On this day in 1969, Eric Idle, John Cleese, Terry Jones, Michael Palin, Graham Chapman, and Terry Gilliam, also known as the comedy group, Monty Python, had their first writing session together. This date also marks the first time the high school student, Brooke Johnson, grew a neck beard and told his fellow classmates, “You wouldn’t understand this because you don’t get British comedy.”
On October 5, 1969, the BBC aired the first episode of Monty Python’s Flying Circus. The hugely successful series ran between 1969 to 1974. In addition to the television series, Monty Python released the comedy albums, “Monty Pythons’s Flying Circus,” “Another Monty Python Record,” and “Another Monty Python Record,” and films like Monty Python and the Holy Grail, Life of Brian, and The Meaning of Life.

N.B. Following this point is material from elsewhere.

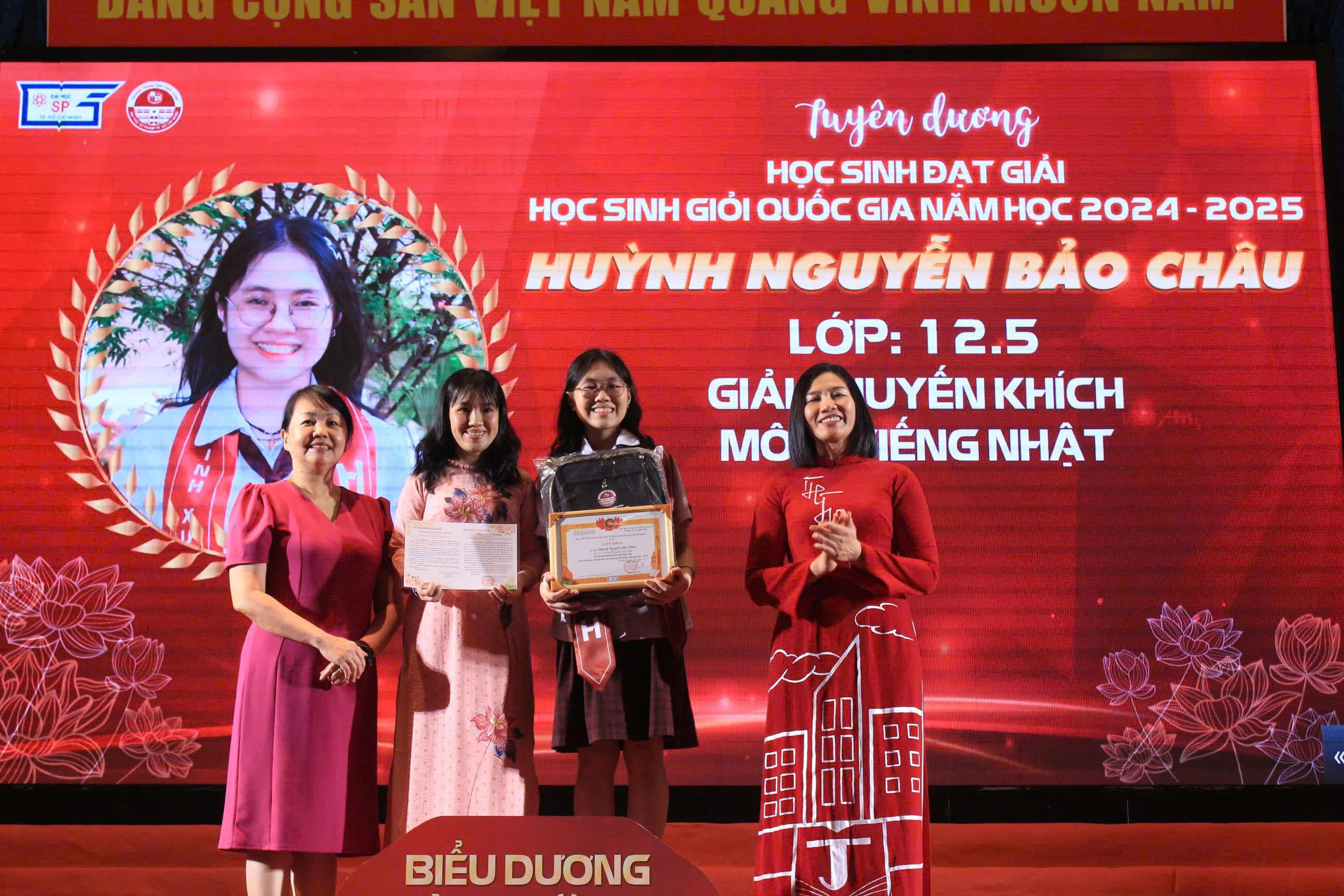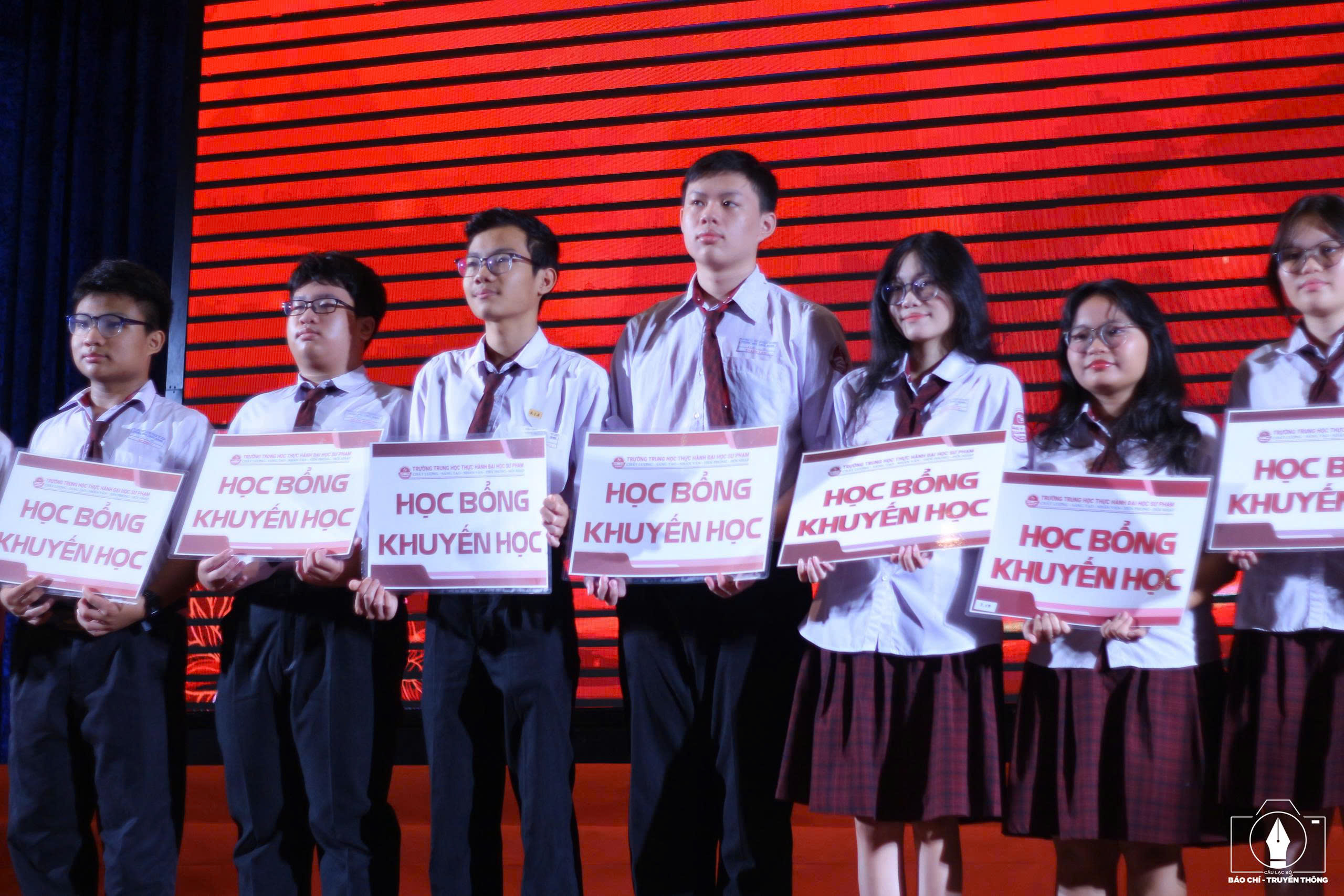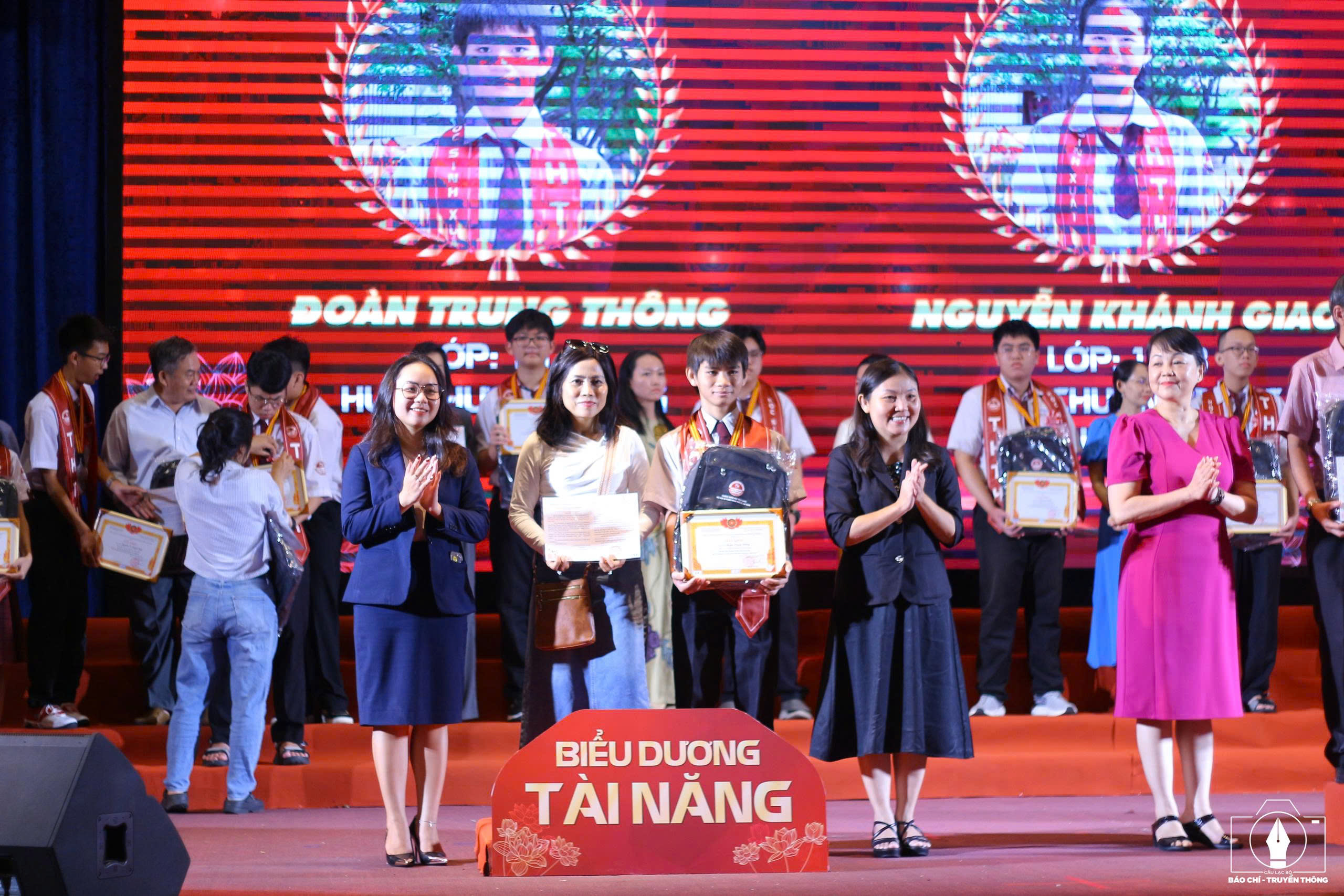 Cũng trong dịp này, Nhà trường đã thực hiện nghi thức tuyên dương, khen thưởng và gửi thư chúc mừng đến cán bộ giáo viên, cha mẹ học sinh cùng các học sinh đạt thành tích xuất sắc trong năm học vừa qua, từ các cuộc thi học thuật, phong trào đến thể dục thể thao cấp thành phố, quốc gia.

An article at CNN.com states, “Python has been called ‘the Beatles of comedy,’ and its impact can be seen in everything from ‘Saturday Night Live’ to ‘The Simpsons’ to ‘South Park.” The two are more connected than just by comparison. George Harrison, The Beatles guitarist/singer-songwriter, funded, The Life of Brian, with his own money just because he wanted to see it. John Lennon even stated that he would have loved to have been in Monty Python, but didn’t have the guts to stand up and do it. Coming from the guy who wrote and sang, “Imagine,” and someone who has performed in front of millions of screaming fans, that’s saying a lot about the effect Monty Python had amongst their fans.
Whether you love them, hate them, or just don’t get them, there’s no denying Monty Python’s influence on pop culture and comedy.